The CriminOlly Plain Dealer #6

Week two of Occult Detective October ended up featuring a couple of books which I’m not sure fit in the sub-genre. Both Grave Sight by Charlaine Harris and Jekyll and Hyde: Consulting Detectives by Tim Major feature detectives who are in some way supernatural, rather than truly monstrous villains. Jules de Grandin righted that balance though, with some very enjoyable (if ridiculous) supernatural foes.

I had the pleasure this week of chatting to Mike from the channel Mike’s Book Reviews on his Talk About Nothing series. I’m always super nervous about doing live streams (or anything that isn’t just me talking to my phone), but I think it went well. I certainly enjoyed the experience.

Cheerio!


Books I’ve Read This Week

Jekyll and Hyde: Consulting Detectives by Tim Major

This book has a fantastic concept – Jekyll and Hyde as a pair of detectives – but ends up being less fun that it might have been. The mystery is decent enough and the female lead (Jekyll’s ex-fiancée) is great, but I felt more could have been made of the mismatched duo. Trash-loving me wanted something exuberantly silly, and this isn’t that. What it does, it does well though, so I think this is a case of the reader and book not matching, rather than the book being bad.

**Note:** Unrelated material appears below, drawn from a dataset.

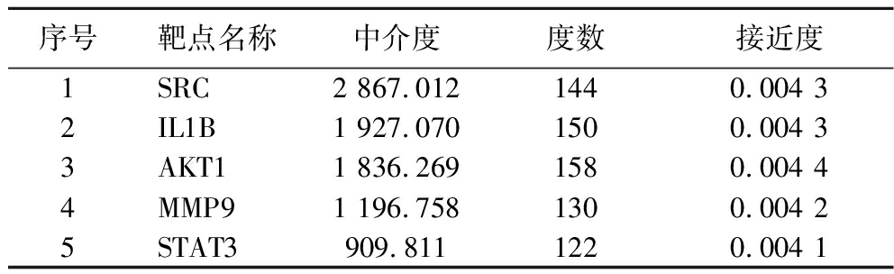 表2 核心靶点拓扑参数

Grave Sight by Charlaine Harris

A solidly enjoyable romantic suspense novel that gets the balance between those two things just right (for my tastes anyway). The suspense is definitely the priority here and the story is enjoyably gripping, with a psychic investigator unravelling a complex mystery in a small Ozarks town. Heroine Harper is an interesting central character, but it’s the twisting plot that’s the star and Charlaine Harris does a good job of keeping you guessing. The romance was decent too!

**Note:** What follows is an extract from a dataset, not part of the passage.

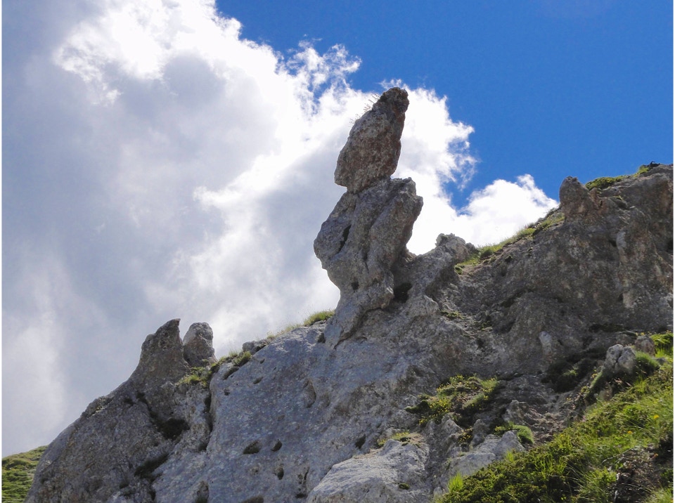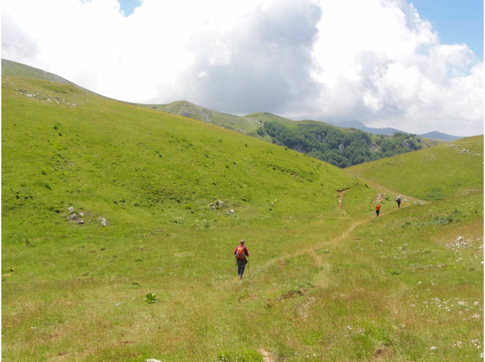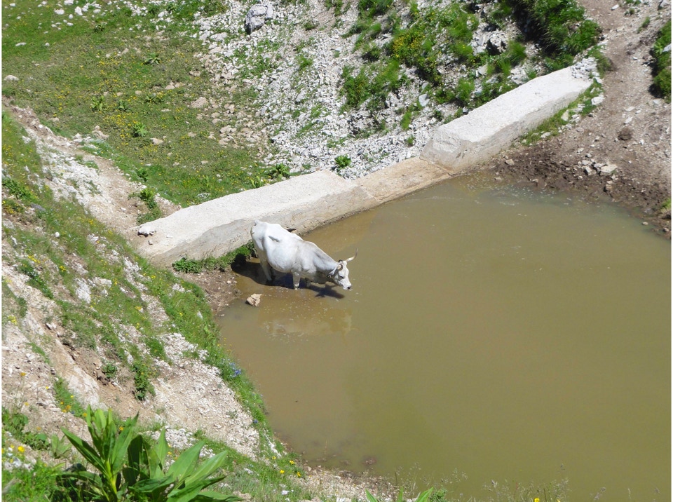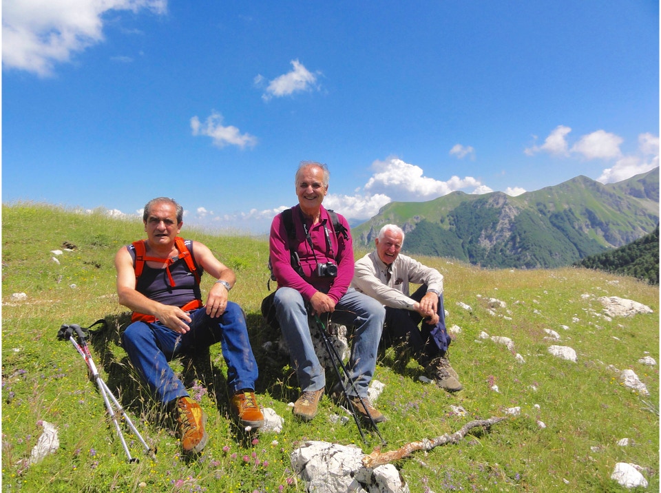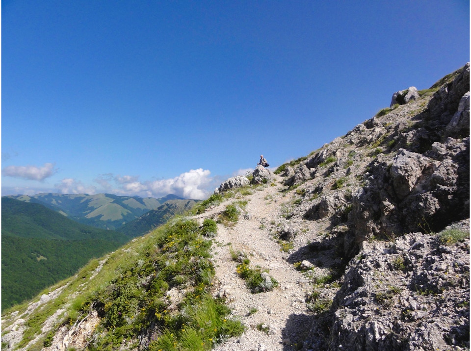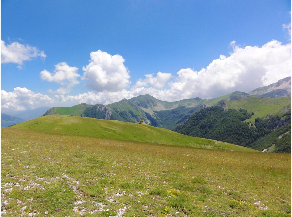 Percorso a piedi: all’andata si è seguita la sterrata che con ripidi tornanti raggiunge un bivio, dal quale si diparte un sentiero (CAI 440). Questo attraversa con modesta pendenza la Costa Ghiaiosa, aggira la pendice nord del Monte I Porcini (CAI 441), in vista del Rif. Maiolica e più avanti si ricongiunge con la sterrata che proviene dal Buco del Merlo. Successivamente la strada scende leggermente verso i pascoli del versante sud-ovest del Monte di Cambio, aggira una modesta elevazione e dirige verso est al Colle delle Pozze, arrivando alla sella sotto l’edificio sommitale del Monte di Cambio; da qui, sempre in direzione nord, si salgono gli ultimi 150 m di dislivello, fino a giungere in vetta. Il ritorno è stato effettuato seguendo per il primo tratto la linea di crinale verso il Colle delle Pozze (CAI 429), fino a raggiungere la sterrata che passando sotto il monte I Porcini (lato est), raggiunge il Buco del Merlo e i tornanti che riconducono alla SP Vallonina.

The Adventures of Jules de Grandin by Seabury Quinn

An enjoyable collection of very pulpy stories featuring the occult detective Jules de Grandin, who is kind of like a ghostbusting Poirot. They’re often silly, sometimes salacious, and definitely have the feel of stories from another decade that were bashed out quickly to make a buck. None of that makes them less fun though, and the sheer variety of foes de Gradin and narrator/sidekick Trowbridge go up against means each story is fresh.


The Flesh Eaters by LA Morse

An interesting, historical horror novel based on the maybe true legend of Sawney Bean, a 16th century Scotsman who led a cannabalistic clan of 45 comprised of his children and inbred grandchildren. The clan live in a huge cave and prey on nearby travellers who they kill and then butcher for food.
If that premise makes you think that the book is going to be rough going, you’d not be wrong. It’s excessively grim at times, like ‘The Girl Next Door’ level grim. It never lingers too long on its unpleasant goings on, but it doesn’t flinch from them either. There’s a matter of factness to the prose style that somehow diminishes the horror. It’s only when you stop and reflect back on what you’ve just read that you start to feel a bit nauseous.
It makes for compelling, gruesome reading, but the absence of a central character to root for means there isn’t a huge amount of tension. It’s more a rinse and repeat of scenes of the clan hunting their human victims, with the plot (such as it is) concerning the growth and evolution of the family.
Definitely interesting reading if you’re a fan of dark and disturbing books, but not a classic.